-------- Data extract
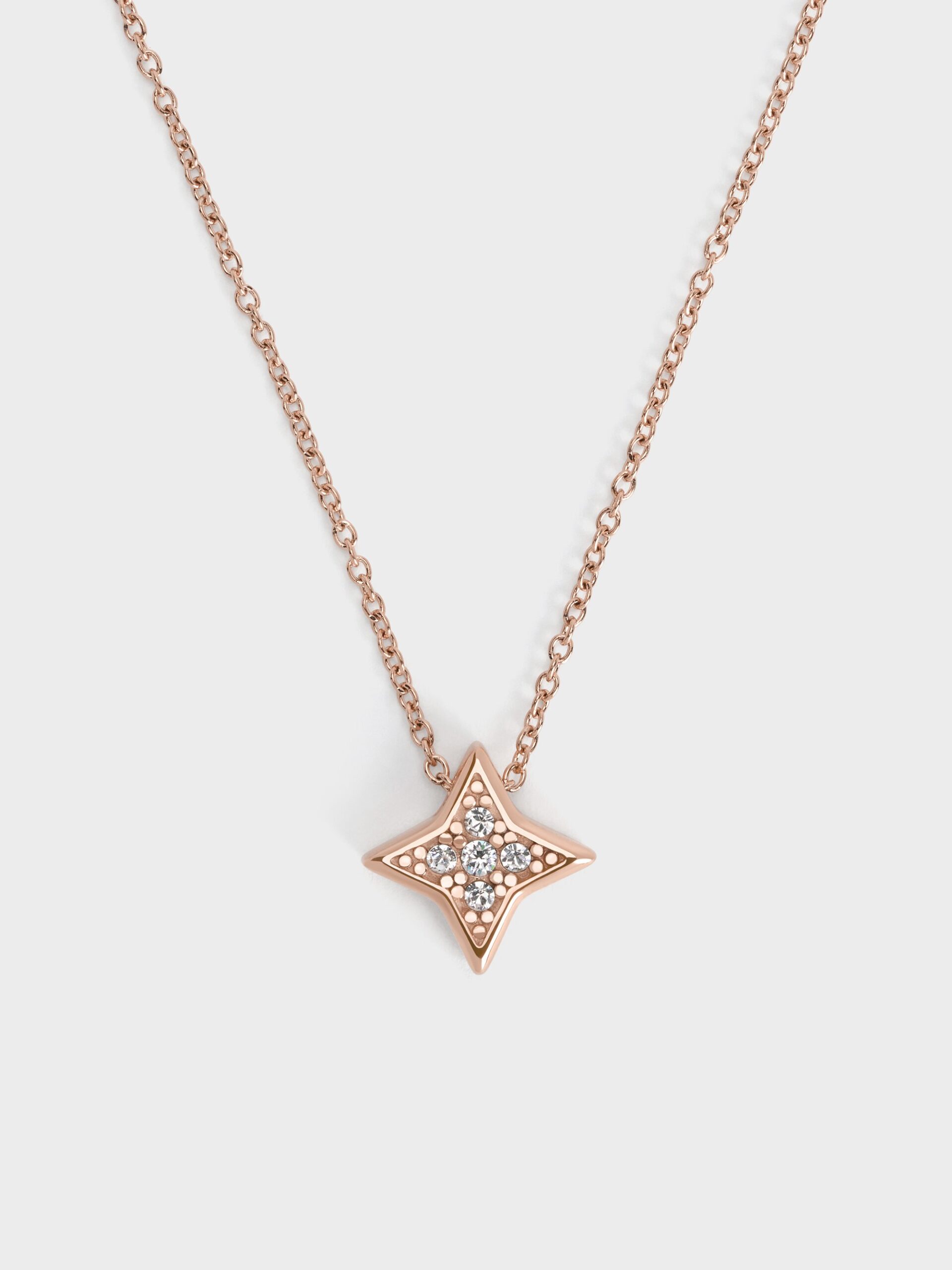 This Everest necklace in rose gold features a thin, delicate chain and a 4-point star pendant — its length can be adjusted. Use it to enhance warm-toned outfits with subtle sparkle and refined femininity.
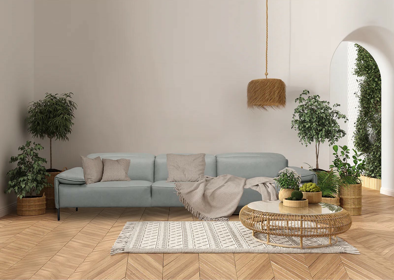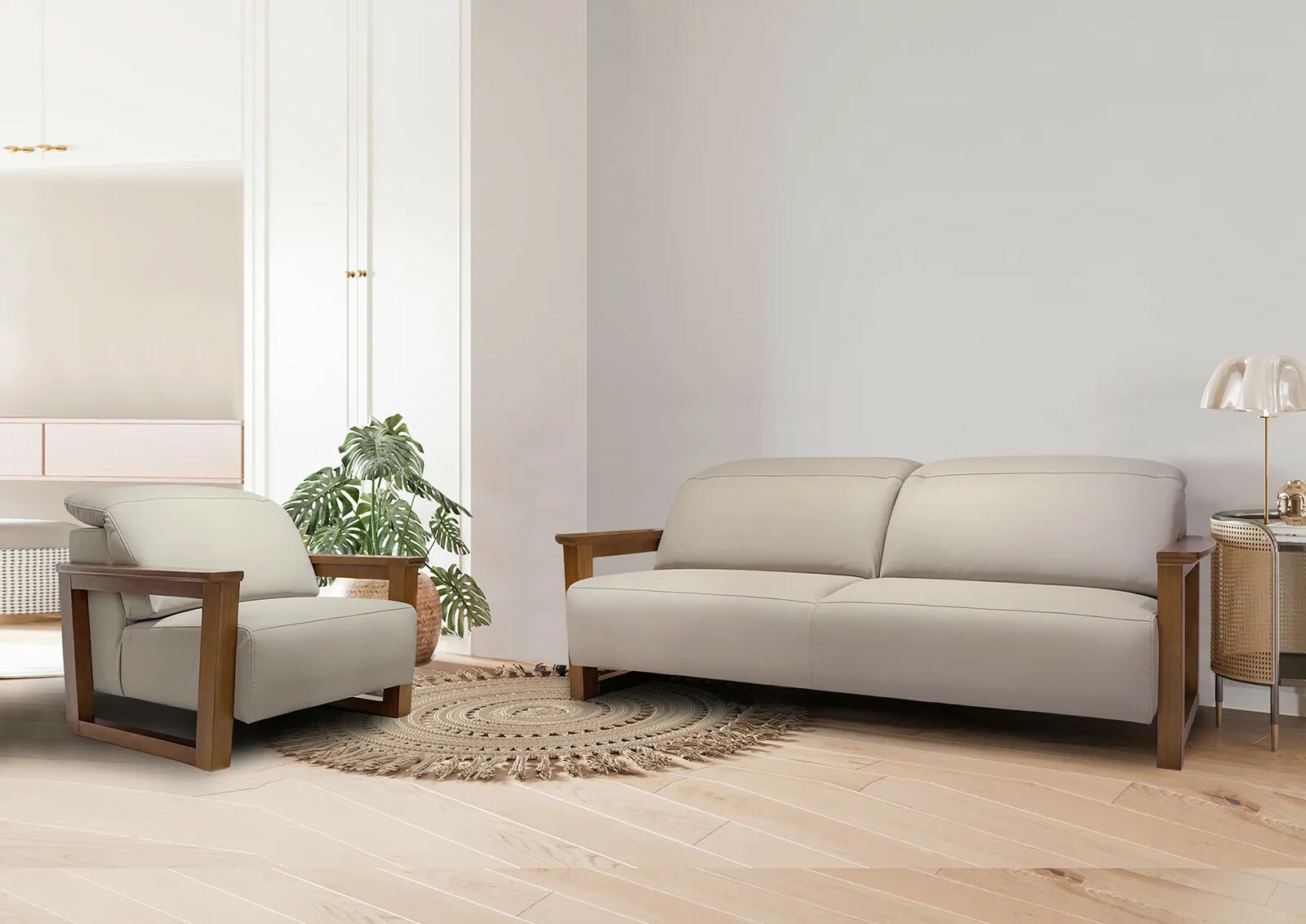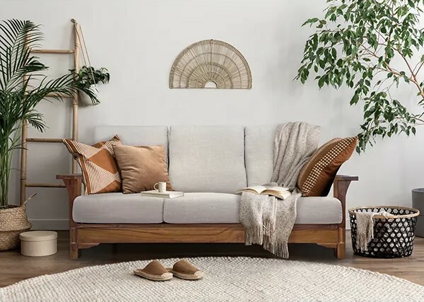 北歐風帶有一些簡潔、明亮與植物機能性設計,適合選擇白色調元素家具,營造減壓舒適的環境,Jalen柚木沙發組原料來自印尼頂級柚木,材質厚實耐用,米白色沙發布能為帶來居家柔和度假氛圍。
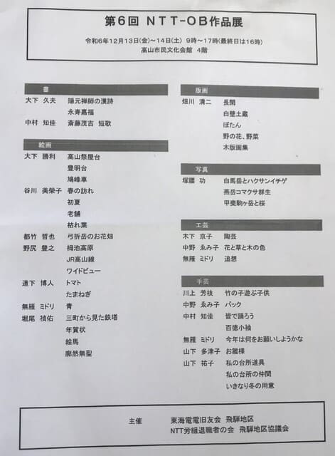 令和元年10月以来5年ぶり第6回目の飛騨地区NTT-OB作品展を次のとおり開催しました。東海電電旧友会飛騨地区とNTT労組退職者の会飛騨地区協議会との共同主催で開催、久しぶりの開催でもあり、出展を心待ちにしていたのか、素晴らしい、見事な作品が並びました。
----------------
- Exercise directions -
Please retype the whole listing above exactly, without any of its images.

- Solved exercise -
 This Everest necklace in rose gold features a thin, delicate chain and a 4-point star pendant — its length can be adjusted. Use it to enhance warm-toned outfits with subtle sparkle and refined femininity.
 北歐風帶有一些簡潔、明亮與植物機能性設計,適合選擇白色調元素家具,營造減壓舒適的環境,Jalen柚木沙發組原料來自印尼頂級柚木,材質厚實耐用,米白色沙發布能為帶來居家柔和度假氛圍。
 令和元年10月以来5年ぶり第6回目の飛騨地区NTT-OB作品展を次のとおり開催しました。東海電電旧友会飛騨地区とNTT労組退職者の会飛騨地区協議会との共同主催で開催、久しぶりの開催でもあり、出展を心待ちにしていたのか、素晴らしい、見事な作品が並びました。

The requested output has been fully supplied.